Task goal:
Only those lines in the data below from the line containing "Brighten up her" through the line containing "Šťavnaté kousky jehněčího", both included, should be restated word for word.

Record extracts:
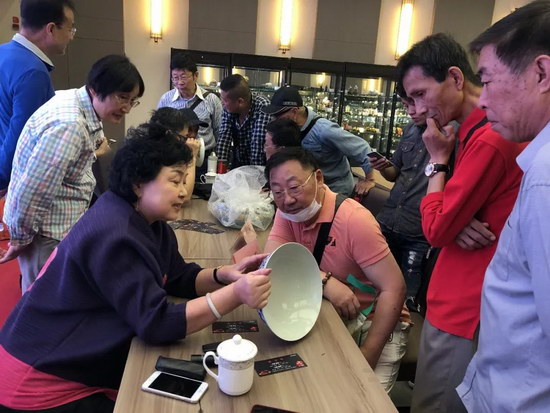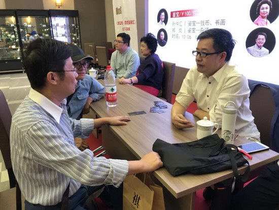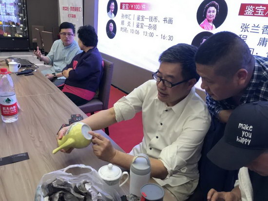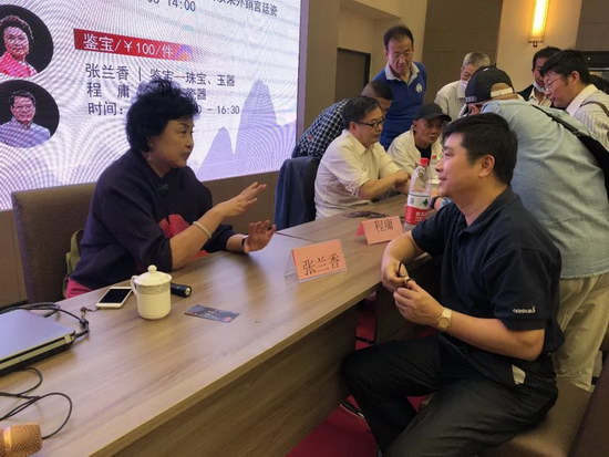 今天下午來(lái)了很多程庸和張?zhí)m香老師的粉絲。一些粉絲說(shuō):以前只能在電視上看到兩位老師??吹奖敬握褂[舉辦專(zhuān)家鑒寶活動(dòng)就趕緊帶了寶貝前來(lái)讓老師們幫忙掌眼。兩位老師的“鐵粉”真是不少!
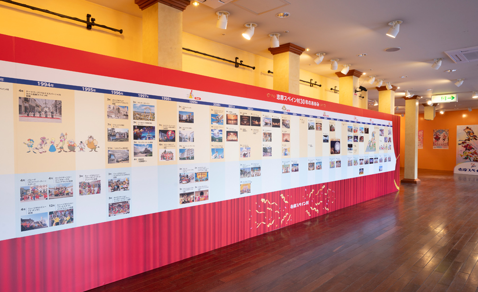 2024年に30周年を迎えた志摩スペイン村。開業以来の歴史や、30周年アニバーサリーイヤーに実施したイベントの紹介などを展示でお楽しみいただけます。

--

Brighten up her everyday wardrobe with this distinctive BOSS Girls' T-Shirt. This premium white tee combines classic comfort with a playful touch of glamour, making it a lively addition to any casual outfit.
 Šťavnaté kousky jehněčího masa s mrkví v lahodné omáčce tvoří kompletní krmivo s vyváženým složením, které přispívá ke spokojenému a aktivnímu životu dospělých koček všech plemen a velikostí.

Task answer:
Brighten up her everyday wardrobe with this distinctive BOSS Girls' T-Shirt. This premium white tee combines classic comfort with a playful touch of glamour, making it a lively addition to any casual outfit.
 Šťavnaté kousky jehněčího masa s mrkví v lahodné omáčce tvoří kompletní krmivo s vyváženým složením, které přispívá ke spokojenému a aktivnímu životu dospělých koček všech plemen a velikostí.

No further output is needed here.